Font, Charset & Encoding

For text shown on the internet (blogs, instant messages, etc.), have you ever wondered how it is displayed?

It relates to three basic concepts, from frontend to backend: Font, Character set (charset), and Encoding.

Font

On digital devices, text is ultimately rendered into images (a matrix of pixels). A font describes how characters are drawn.

A font typically stores outlines as vector graphics (often Bézier curves), so glyphs can be drawn at many sizes and in different styles.

Common font file types are OpenType (OTF), TrueType (TTF), and WOFF/WOFF2.

Character set (charset)

How does a program know which glyph in the font to draw?

You need a mapping between characters and numbers. Take Unicode as an example, each character is assigned a code point (for example, ‘你’ is U+4F60, and ‘A’ is U+0041).

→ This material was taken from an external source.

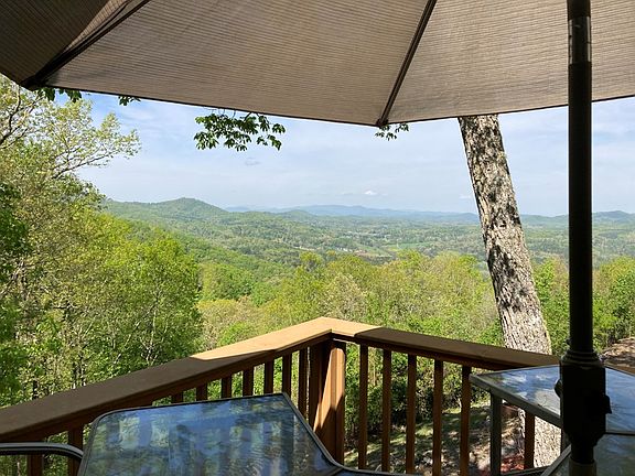 Million Dollar View in upscale gated community of Brasstown Heights. Located near John C Campbell Folk School, and nearby downtown Murphy, hospital, college and restaurants. When you walk onto this property, you immediately feel a sense of peace. Well maintained 2bd/3ba chalet with bonus rooms and laundry in basement (laundry hookup on main lvl as well). Unique beautiful stone fireplace competes with the mountain views for attention in the spacous greatroom, central heat and air, wood floors on the main level, and large pantry. Full master suite upstairs with walkin closet. Wraparound deck and walking path among the trees to enjoy the serenity of the mountains. Only used part time by current owners. Furnishings negotiable.
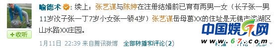 另据一位不愿表露身份的知情人透露,张艺谋确实早已结婚,生了三个孩子,长子张一男11岁,次子张一丁7岁,小女张一骄4岁,“可以派人去当地查,当地人都知道,岳母以此为荣,经常跟人炫耀。”而早前也有微博认证为“法制晚报文娱记者喻德术”的微博曾收到曝料短信,内容与何珺的曝料基本一致,并附有曝料中所谓的“岳母”葛XX的在无锡的地址。

Fonts don’t store “characters” directly; they store glyphs (shapes). A font’s cmap table maps code points → glyphs. Not every glyph necessarily has its own code point (for example, ligatures and stylistic alternates).

A charset is not a physical thing; it’s a standard/specification that everyone follows. The most widely used character set today is Unicode. Older/legacy character sets include ASCII and many regional standards.

Encoding

Computers store and transmit bytes, so we need an encoding: a rule for turning code points into bytes (and back). Without knowing the encoding, a byte sequence can’t be interpreted correctly.

Some encodings are fixed-length (for example, UTF-32 uses 4 bytes per code point). Others are variable-length: UTF-8 uses 1–4 bytes, and UTF-16 uses 2 or 4 bytes (surrogate pairs for code points above U+FFFF). Variable-length encodings are efficient for common text, especially when most characters are in the ASCII range.

The most common encoding on the web is UTF-8, a Unicode-based variable-length encoding. For example, ‘你’ (U+4F60) is encoded in UTF-8 as the bytes E4 BD A0.


This article demonstrates the three basic concepts behind text rendering. In real systems there are more steps, like shaping, layout/positioning, and rasterization.